BRECKENRIDGE – If there’s one thing the Breckenridge Town Council candidates have in common, it’s their love of the historic mining town.

That’s why it makes it so hard to separate them out on other issues, because caring about the town means caring about affordable housing, child care, water supplies, fiscal responsibility, business vitality, the relationship between the ski area and the town, open space, transportation, marketing, special events, Breckenridge’s long-term vision – all those things that add up to a good quality of life in the High Country.

Nine candidates – counselor Mary Augustyn, incumbent and Colorado Mountain College accountant Jim Lamb, Grand Timber Lodge co-owner Rob Millisor, restaurateur Eric Mamula, TV host Jeffrey Bergeron, real estate broker Carol Rockne, professional project manager Dave Cook, sporting goods store manager Chris Kulick and property manager Ron Schuman – are vying for three seats.



Councilmember Ernie Blake is running uncontested for the mayoral seat.

Despite all their similarities, the nine do stand out on different issues.



Cook believes that providing affordable housing is the best way to create a viable business community by helping those who work here to live here.

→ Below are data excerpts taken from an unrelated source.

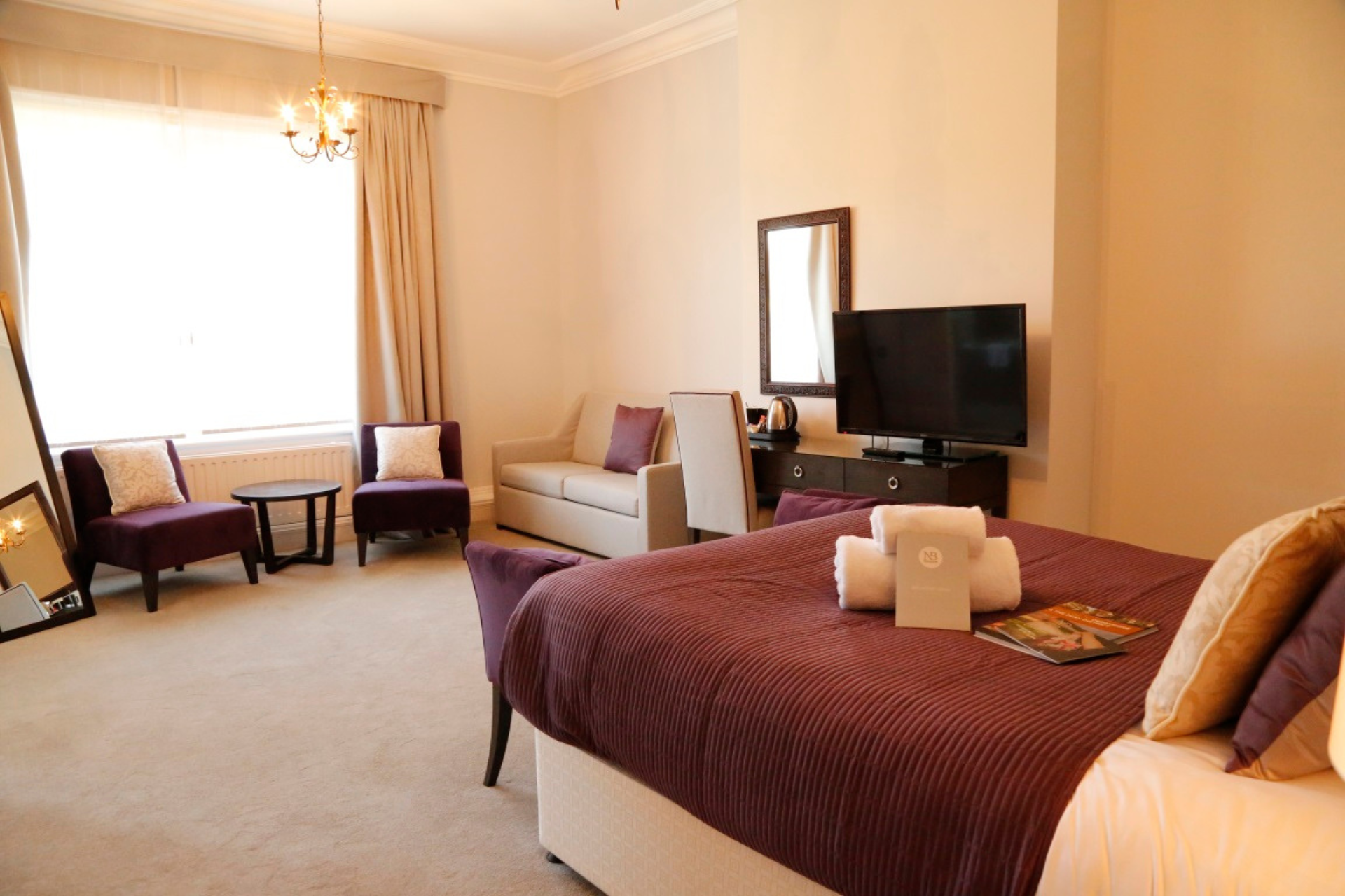 Each Junior Suite has an additional lounge area with a sofa / sofa bed in the suite to relax and take in the views. All our suites have modern, beautifully appointed bathrooms with complimentary toiletries. The room also includes free Wi-Fi, TV, bottled water, hairdryer and complimentary tea and coffee making facilities.
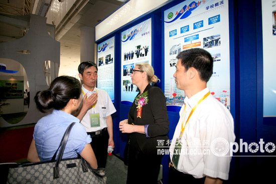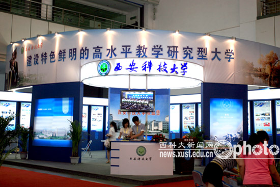 我校展位位于曲江国际展览中心A区,采用特型展位形式,布局大气,主题鲜明,凸显了我校的精神和风貌。展览由文字图片展示区、数字图像播放区、创新成果实物展示区和咨询服务区等四部分组成,展览从学校概况、学科建设、人才培养、科学研究、社会服务、党的建设、学校建设、国际交流、校园文化、后勤保障等10个方面展示了我校的建设成就。
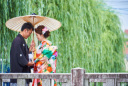柳がとても長く続く東山白川です!一本橋の上で撮影です。
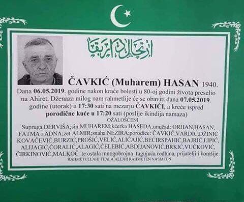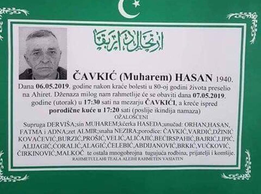 Tužnim srcem i bolom u duši javljamo rodbini, prijateljima, komšijama i poznanicima da je dana 06.05.2019. godine nakon kraće bolesti u 80.-oj godini života na Ahiret preselio naš dragi Čavkić (Muharem) Hasan
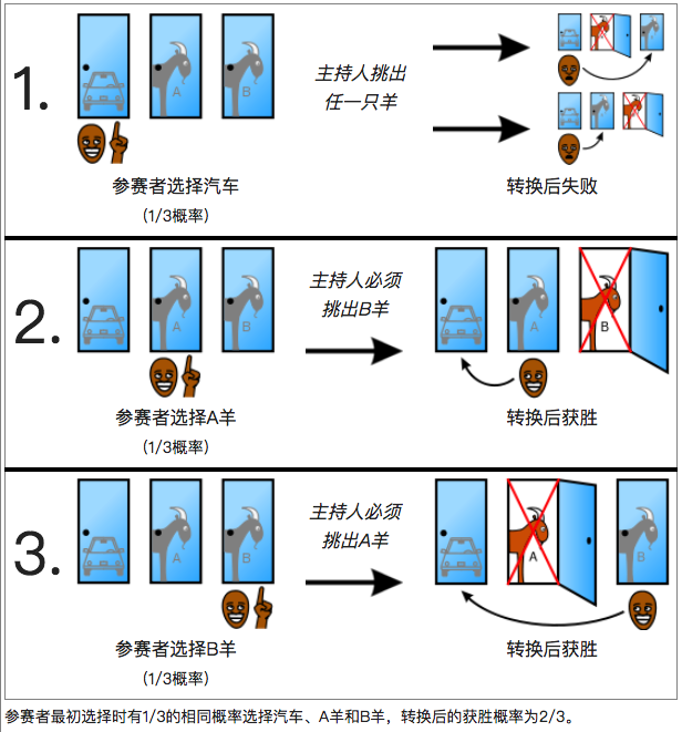 当选手和蒙提霍尔站在这 3 扇门的前面时,这位选手中大奖的概率为 1/3。但是,这档节目却有其微妙之处。当参赛者选定了一扇门,但未去开启它的时候,知道门后情形的蒙提霍尔会开启剩下两扇门的其中一扇,露出其中一只山羊。主持人随后会问参赛者要不要更换为另一扇关着的门?
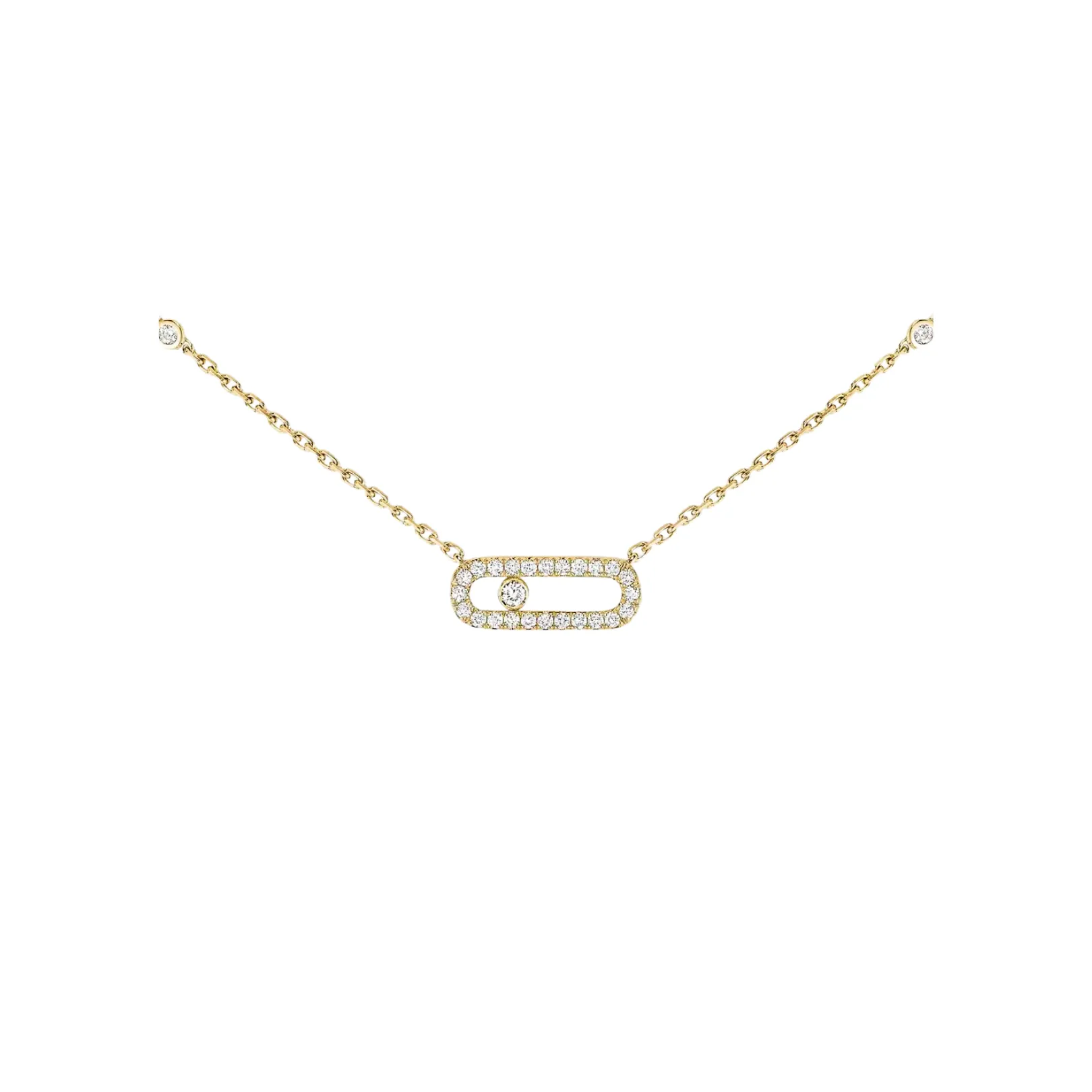Entièrement façonné à la main, le collier Move Uno Pavé se distingue par son design signature Move, où un diamant en mouvement glisse librement au cœur d’un pavage éclatant. Sa chaîne délicate, rehaussée de diamants sertis, sublime l’intensité solaire de l’or jaune. À la fois discret et sophistiqué, cette création signée Messika allie la finesse du sertissage à l’éclat intemporel du diamant.
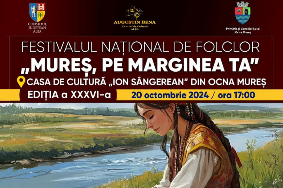 Duminică, 20 octombrie 2024, la Casa de Cultură „Ion Sângerean” din Ocna Mureș, va avea loc cea de-a XXXVI-a ediție a Festivalului Național de Folclor „Mureș, pe marginea ta”, un eveniment de referință în peisajul cultural românesc.
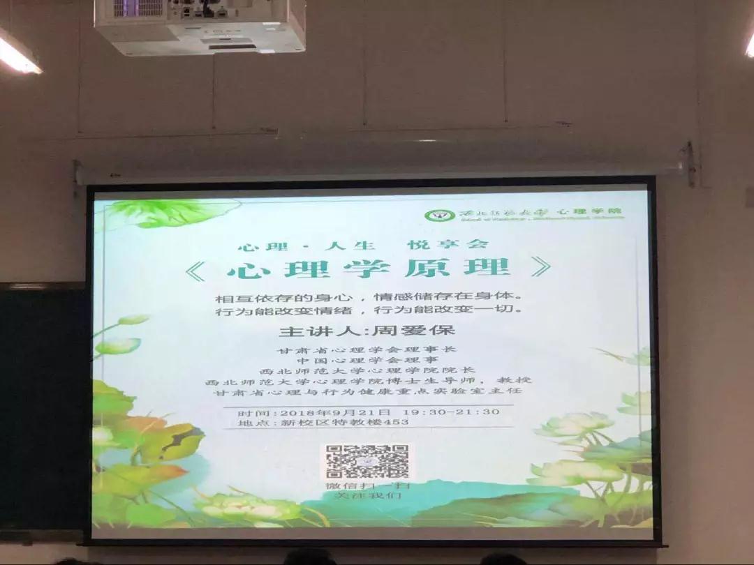 首先,周爱保院长讲述了自己的大学经历,“思维着的精神是地球上最美的花朵”,人类的心理现象是人类意识发展的最高层次,引导同学们树立对心理学的兴趣。
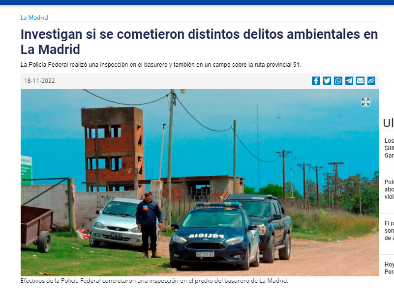 Esa misma semana concejales del bloque se acercaron hasta el Basurero Municipal para ver que la realidad del lugar mostraba una cara completamente distinta a la que se registra en los papeles del HCD. En vísperas de presentación del proyecto se llevó adelante un entierro masivo de envases fitosanitarios que no estaban limpios, y algunos no estaban todavía vacíos, lo que genera un impacto negativo y contaminante para el ambiente de todos los vecinos de General La Madrid.
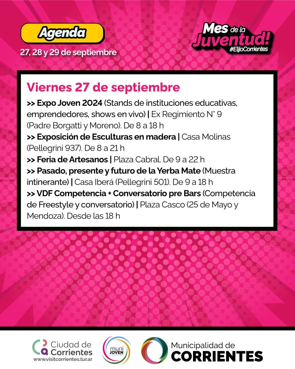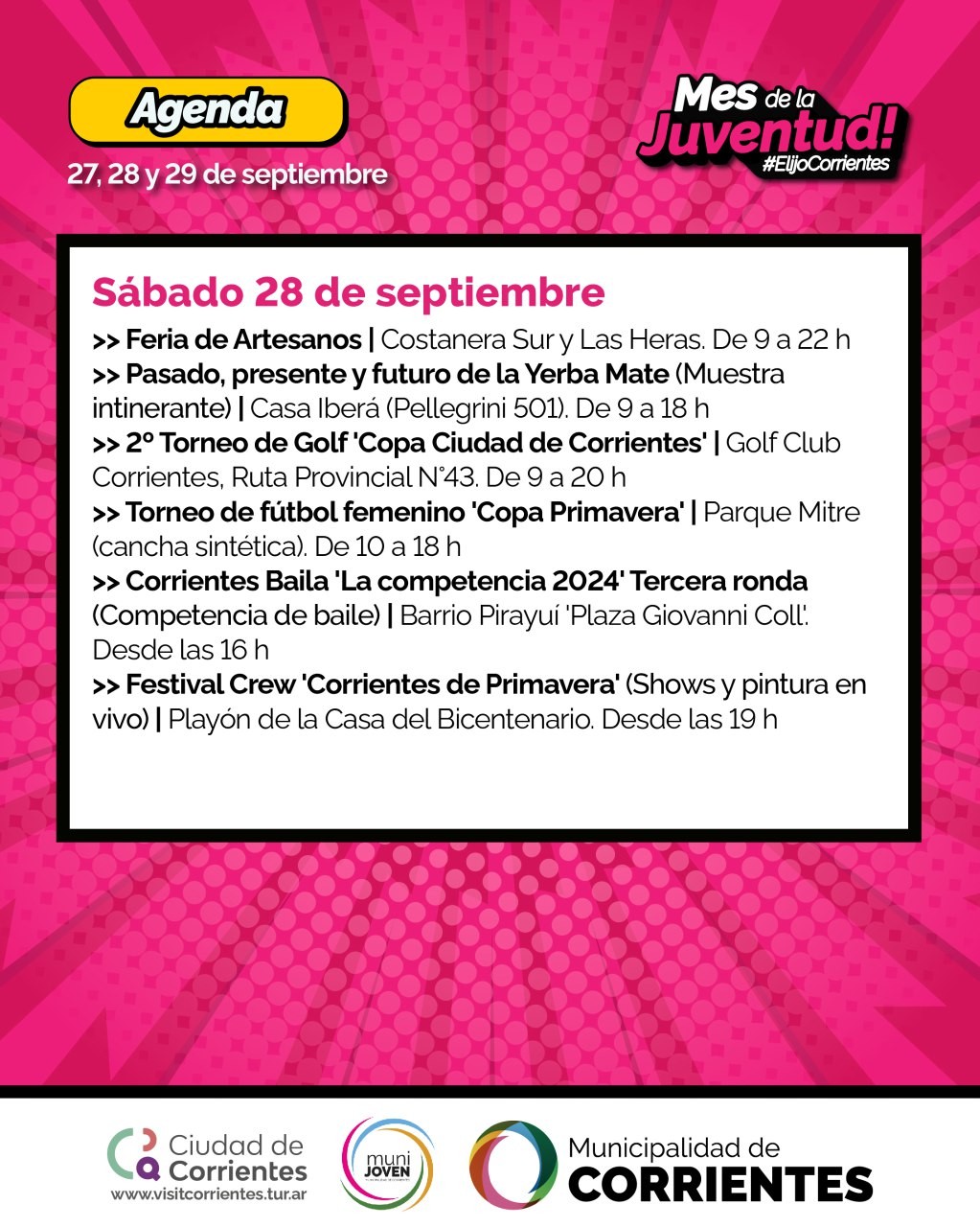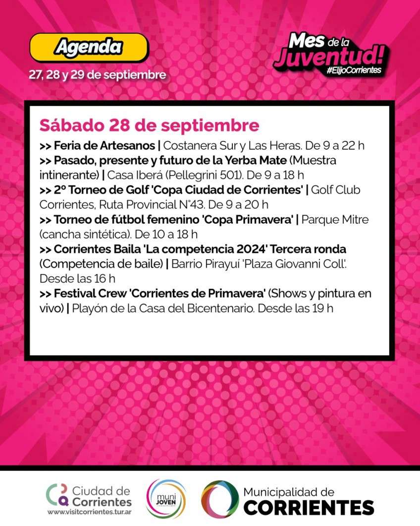 La Municipalidad de Corrientes programó actividades que se desarrollarán de viernes a domingo en distintos espacios al aire libre de la ciudad. Están previstas alternativas deportivas, musicales, la clásica Peña de la Ciudad, una celebración dedicada a los comparseros y un festival con competencias de freestyle.

He suggested allowing deed-restricted homeowners the right to sell their properties so the town could recoup its “invisible equity” and pool money – up to $82 million by his estimates – to help others buy homes.

Lamb is running a campaign based on continuing the efforts of the current council, including its environmental programs, capturing water to which the town has rights but has let run downstream, maintaining good relations with the ski area and strengthening the Breckenridge Resort Chamber (BRC).

Augustyn said she wants to help small business owners and fight on behalf of domestic violence victims to make Breckenridge a safer town.

Mamula said he wants to grow the town’s business base by diversifying business, and continue with the town’s open space efforts and address children’s’ issues.

Rockne cites her long history in town – and the time she now has to devote to it – as major criteria for her being elected.

She, too, wants to do something to support small businesses that are challenged to keep their heads above water.

Kulick, at 28 the youngest candidate, touts his age as a means to bring younger people into the political process.

Schuman said he thinks the next council should look at the way Mountain Village adjacent to Telluride allows its second homeowners to vote on town issues, work toward getting the town and ski resort’s marketing plans on the same page and generate energy to revitalize downtown.

Millisor, a board member of the Breckenridge Resort Chamber, feels the organization does well on its limited marketing resources – a $1.1 million investment that generates $6.7 million worth of exposure. But the BRC needs more, he said, to bring its destination visitors back.

Bergeron is fighting for the common man, he said, adding that Breckenridge needs to maintain its position as a town that can take a “waiter and turn him into a homeowner.”

He also wants to keep Breckenridge the way it is, and that doesn’t involve four-laning Highway 9.

Citizens registered to vote in Breckenridge can vote at the town hall from 7 a.m. to 7 p.m. April 6.